In November 2016, Niko decided to sell its 10% stake in the KG-D6 block but has not been able to find suitors. The company has said due to the foregoing matters, there is material uncertainty that may cast significant doubt about its ability to continue as a going concern.
“While these efforts are continuing, to conserve its remaining cash (approximately $3.6 million as of 30 September 2018), the company elected not to pay a D6 block cash call that was due in early October 2018,” Niko said in a statement posted on its website on 13 November.
Owing to the cash crunch, Niko surrendered in 2015 its 10% stake in another block, NEC-25, off the Odisha coast, to RIL (60%) and BP (30%).
In 2016, Niko sold its 33.3% stake in the Hazira field in Gujarat to Sun Petrochemicals.
Announcing its September quarter earnings, Niko said if the defaulting party does not cure a default within 60 days of the default notice, the partners have the option to ask it to withdraw from the KG-D6 production sharing contract (PSC). While Niko has failed to secure any buyer for its 10% stake in the KG-D6 block, it has also been unsuccessful in securing financing to fund its share of the R-Cluster, Satellite Cluster and MJ development projects in the block.
Niko’s share of the funding requirement for development of these projects is estimated at approximately $200 million between mid-2018 and mid-2020.
Under the joint operating agreement (JOA) between the three companies in the KG-D6 PSC, during the continuance of a default, the defaulting party shall not have a right to its share of revenue as it shall vest in and be the property of the non-defaulting parties who have paid to cover the amount in default.
“If the default under the D6 JOA is not cured on a timely basis and the non-defaulting parties request that Niko withdraw from the D6 PSC and JOA, then this will have a material adverse impact on the company’s stakeholders,” Niko added.

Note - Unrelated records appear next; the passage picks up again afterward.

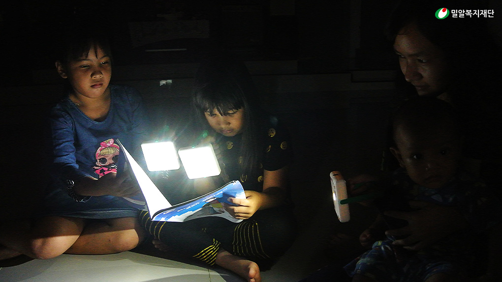 전기 공급이 부족한 열악한 환경에서 학업도, 생계도 이어나가기 어려웠던 각 나라의 아이들. 이제는 어둠 속에서 빛을 밝혀주는 태양광랜턴이 있어 건강하고 안전하게 살아가고 있습니다. 태양광랜턴은 아이들에게 어둠을 밝히는 빛이 되어줄 뿐 아니라, 학업을 통해 꿈을 키우는 희망의 빛이 되었습니다. 앞으로도 밀알복지재단은 에너지빈곤국가에 더 많은 태양광랜턴을 전달하여 각 나라의 아이들과 지역 주민들이 밝은 미래를 꿈꿀 수 있도록 함께하겠습니다.
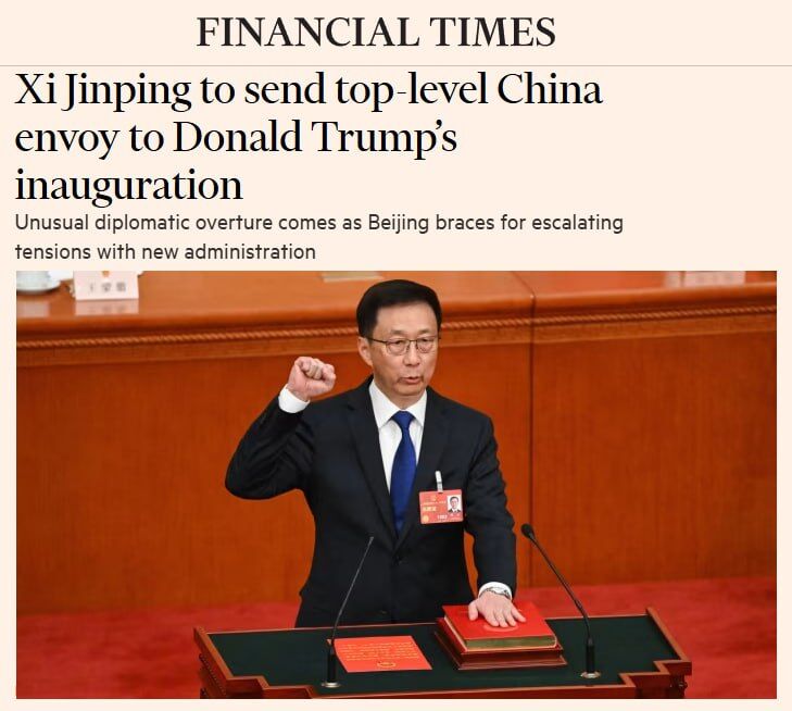 Tập Cận Bình sẽ cử quan chức cấp cao tới dự lễ nhậm chức của Trump Các nguồn tin đã đưa tin với tờ Financial Times rằng đại diện Trung Quốc có ý định tổ chức một cuộc gặp riêng với Tổng thống đắc cử của Hoa Kỳ. Theo ấn phẩm này, Washington và Bắc Kinh đang thảo luận về các ứng cử viên, và nhóm của Trump khẳng định rằng đó phải là quan chức có ảnh hưởng nhất.
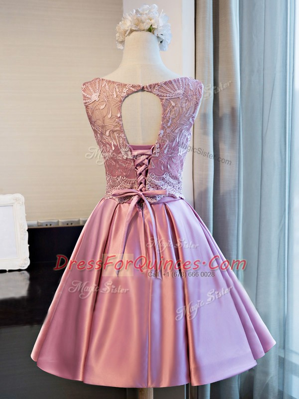 Lilac Scoop Lace Up Lace and Appliques and Belt Prom Party Dress Sleeveless

In September 2018, RIL had shuttered its only oilfield (MA field) in the KG-D6 block due to lack of any production. Production from the field has been in natural decline and facing various challenges due to high water production and sand ingress.
“The D6 block is dead now. If you look at the losses RIL has made in the block quarter after quarter, it’s staggering. Niko doesn’t have multiple avenues for cash flow and this has impacted its performance in India. Niko is one of the few international oilfield operators in India,” said an official from one of the participating companies in the D6 block. He spoke on the condition of anonymity.
The fields were predicted to last a minimum of 15 years but have been exhausted in less than a decade. In April-June 2018-19, the MA field contributed less than 0.1% in terms of revenue at the consolidated level, RIL said in September.
The Dhirubhai-26 (D-26), oil, gas and condensate deepwater discovery was made in 2006 and was India’s first deepwater development, entailing a water depth of up to 1,250 metre.
RIL had made 19 oil and gas discoveries in the KG basin, of which D26 or MA—the only oil discovery—was the first to begin production in September 2008. The Dhirubhai-1 and 3 (D1 and D3) gas fields went on-stream in April 2009.
RIL, along with its partner BP Plc, is now developing three sets of discoveries—R-Cluster, Satellite Cluster and MJ fields—in the KG-D6 block at a cost of ₹40,000 crore. These fields are expected to bring peak output of 30-35 million metric standard cubic metres per day, with gas set to flow from 2020.